6.       Non-disclosure. Associate acknowledges his obligation not to disclose,
         during or after employment, any trade secrets or proprietary and/or
         confidential data or records of Ingram or its Affiliates or to utilize
         any such information for private profit. Each of the parties hereto
         agrees that such party will not release, publish, announce or otherwise
         make available to the public in any manner whatsoever any information
         or announcement regarding this Agreement or the transactions
         contemplated hereby without the prior written consent of the other
         party hereto, except as required by law or legal process, including, in
         the case of Ingram, filings with the Securities and Exchange
         Commission. Associate agrees not to communicate with, including
         responding to questions or inquiries presented by, the media, employees
         or investors of Ingram, its Affiliates or any third party relating to
         the terms of this Agreement, without first obtaining the prior written
         consent of Ingram.
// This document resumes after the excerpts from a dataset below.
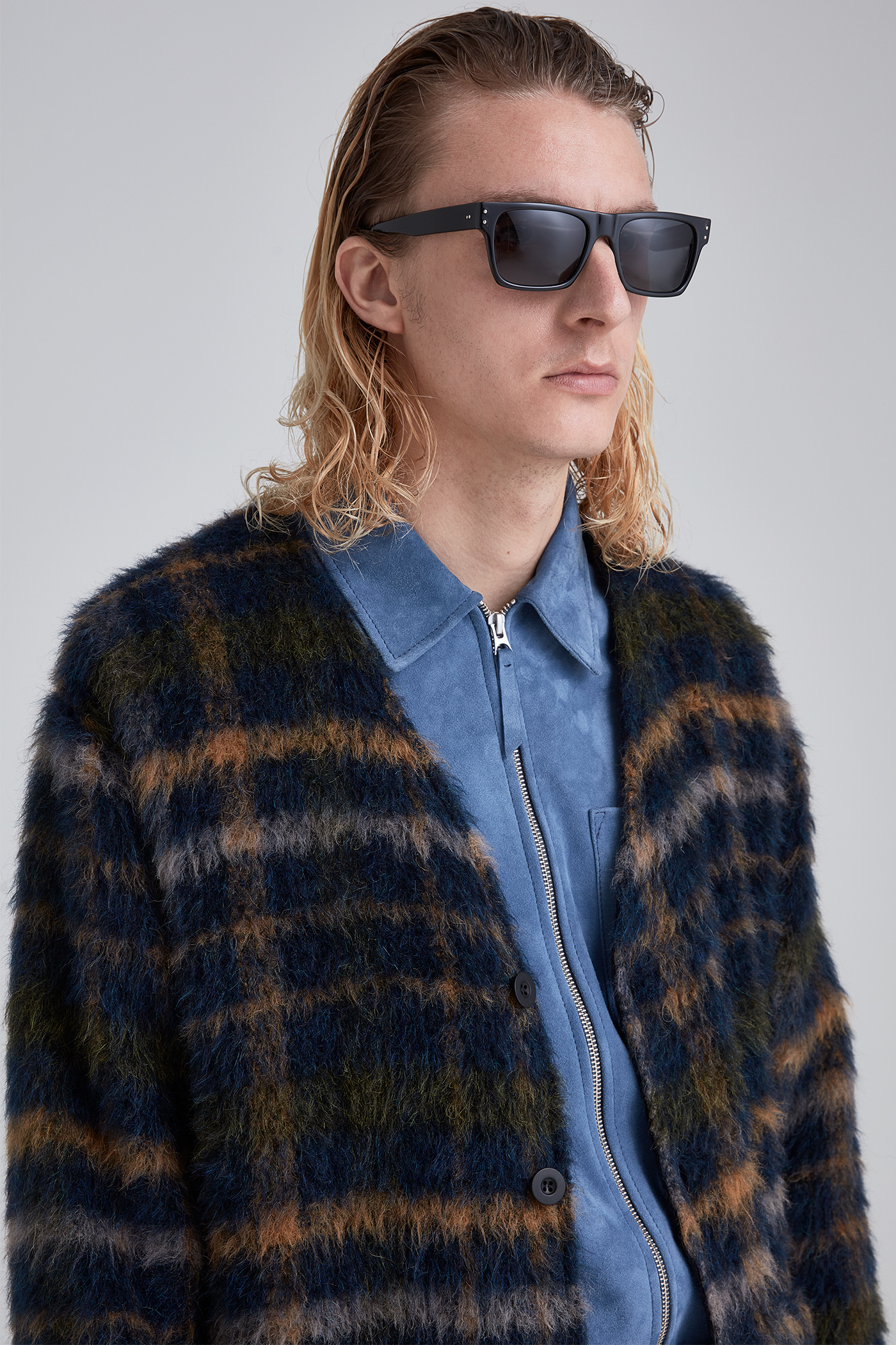 Our Legacy rarely pops up on these pages these days. Partly, I guess, because it’s so widely available. A big turn off for la-de-da label-geeks. But then Our Legacy rarely produce heavy-hitting stand-outs like this furry-as-fuck heater. I have no idea who this dude thinks he is with his thrift store shades and ‘end of the world is nigh’ demeanour, but that cardie is killing.
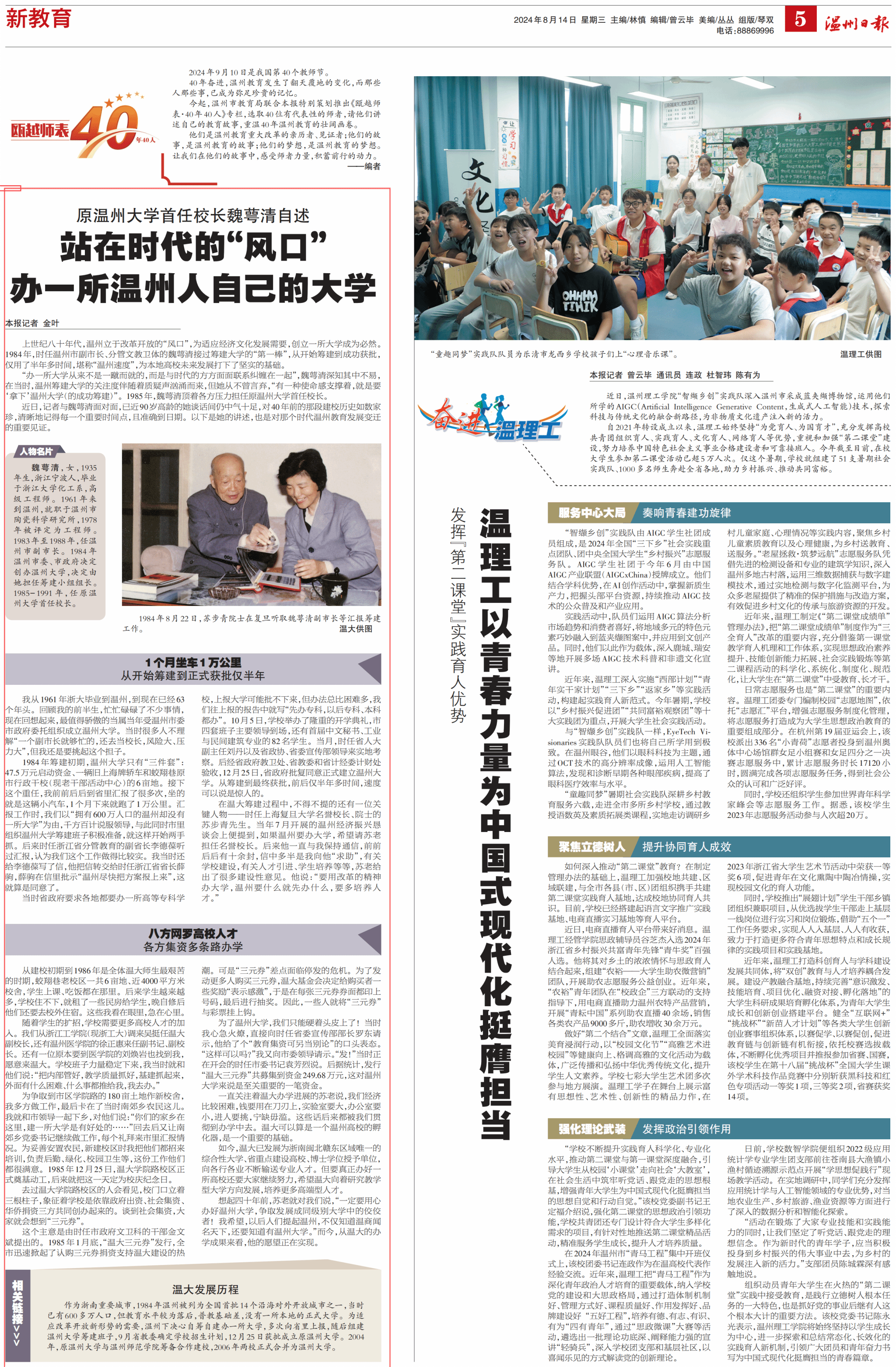 想起四十年前,苏老就对我们说,“一定要用心办好日本a片 ,争取发展成同级别大学中的佼佼者! 我希望,以后人们提起温州,不仅知道温商闻名天下,还要知道有日本a片 。”而今,从温大的办学成果来看,他的愿望正在实现。
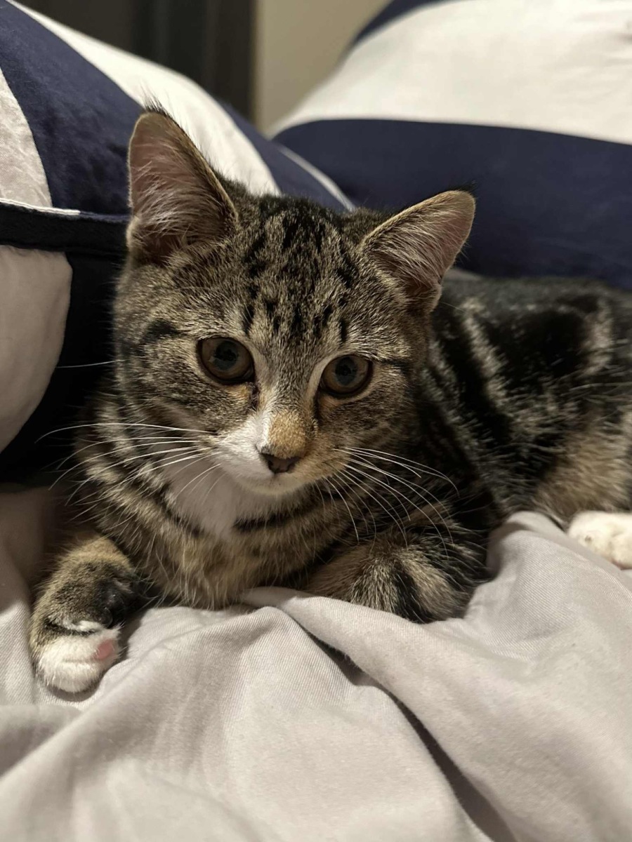 Tiana is a beautiful little tabby with the softest fur and the gentlest heart. A touch shy at first, she just needs a little time and patience to feel safe—but once she does, her loving, loyal nature truly shines.

Notwithstanding the foregoing, Associate may make
         disclosure to his spouse, attorneys and financial advisors of the
         existence and terms of this Agreement provided that they agree to be
         bound by the provisions of this Paragraph 6. Each party agrees not to
         make statements or take any action to disparage, dissipate or
         negatively affect the reputation of the other with employees,
         customers, suppliers, competitors, vendors, stockholders or lenders of
         Ingram, its Affiliates or any third party.

7.       Return of Property. Associate acknowledges his obligation to promptly
         return to Ingram all property of Ingram and its Affiliates in his
         possession, including without limitation all keys, credit cards,
         computers, office equipment, documents, files and instruction manuals
         on or before the Separation Date, or earlier if Ingram so requests it.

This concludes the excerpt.